In the 1950s, Frank Lovejoy was a popular movie and television actor. Wonder how someone decided to join those two fruit-of-the-Spirit qualities into one name. And wonder if anyone has tried it with any of the others. Is anyone on the planet named Gentlenessgoodness? Faithfulnesshumility? Probably not.

No question but the first three qualities that make up this Christlikeness–love, joy, and peace–are the best-known and best-loved of the nine.
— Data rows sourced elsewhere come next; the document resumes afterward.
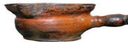
ГОРШОК ДЛЯ ТОПЛЕНИЯ МАСЛА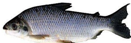
Curimatã (Prochilodus nigricans)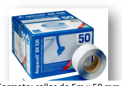
Formato: rollos de 5m x 50 mm

I suspect ten times as many sermons have been preached on these three than all the remaining six combined.

Joy is the flag flown from the castle of your heart to show the king is in residence.
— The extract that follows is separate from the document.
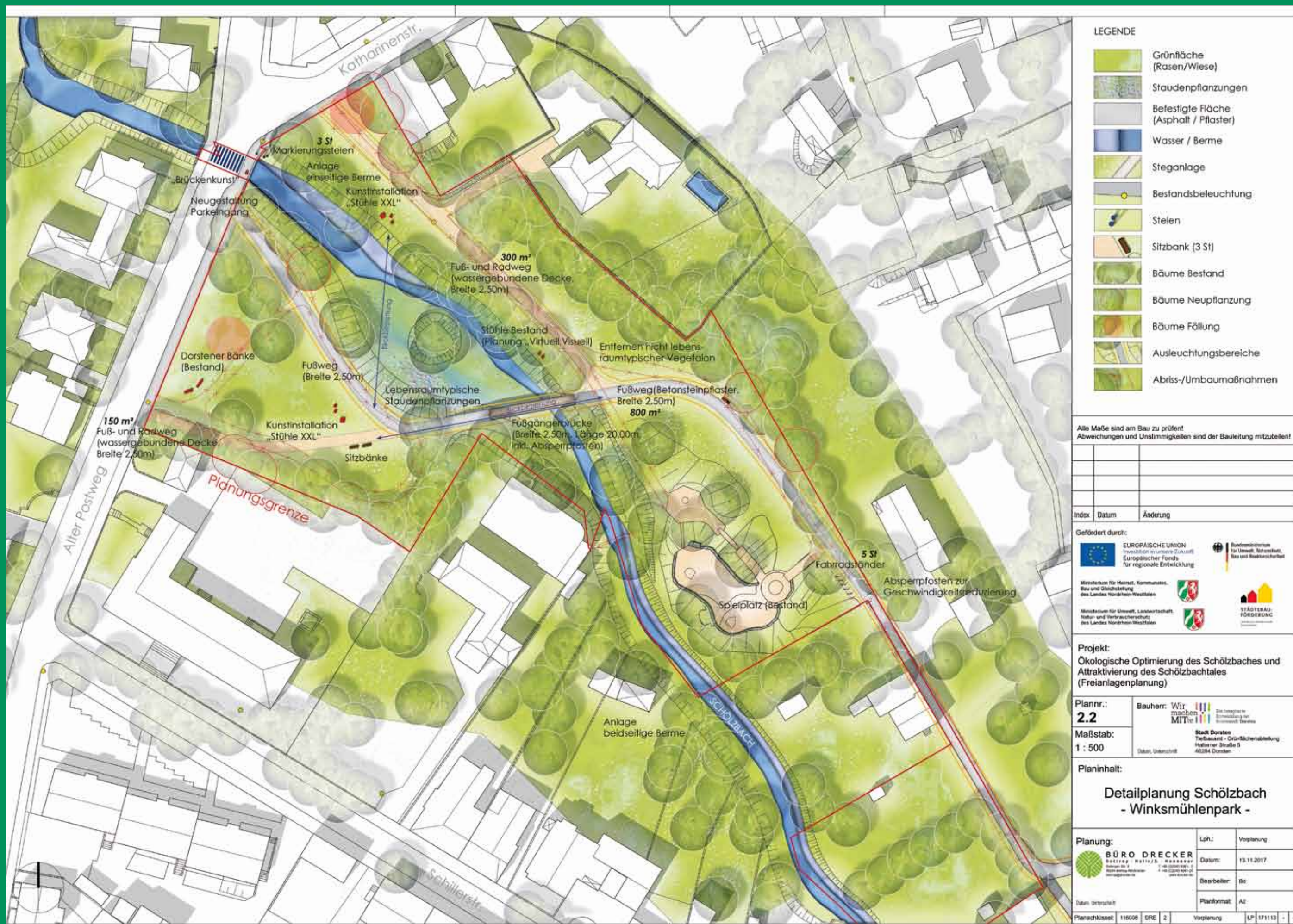
Schölzbach Fokusraum Winksmühlenpark

I would have thought C. S. Lewis’ book “Surprised by Joy” dealt with his meeting Joy Davidman Gresham who became his wife. Instead, its subtitle gives it away: “The Shape of My Early Life.” The joy which took this Oxford professor of English literature so by surprise arrived when he put his faith in the Lord Jesus Christ. He had built up such an army of misconceptions regarding the Christian life that when it arrived, he found it to be nothing like anything he had anticipated. He was unprepared for the joy.

“Joy,” Lewis later wrote, “is the business of Heaven.”

If it is–and who can doubt that, based on so many revelations of Scripture–then, for a believer to experience joy is to have a “foretaste of glory divine,” as the hymn puts it.

In thy presence there is fullness of joy; at thy right hand there are pleasures forevermore. (Psalm 16:11)

Our Lord Jesus said, There is joy in the presence of the angels of God over one sinner who repents (Luke 15:10).

Do you find it strange that the one described in prophecy as “a man of sorrows and acquainted with grief” (Isaiah 53:3) would devote so much attention to making sure His followers experienced joy in a full and permanent way?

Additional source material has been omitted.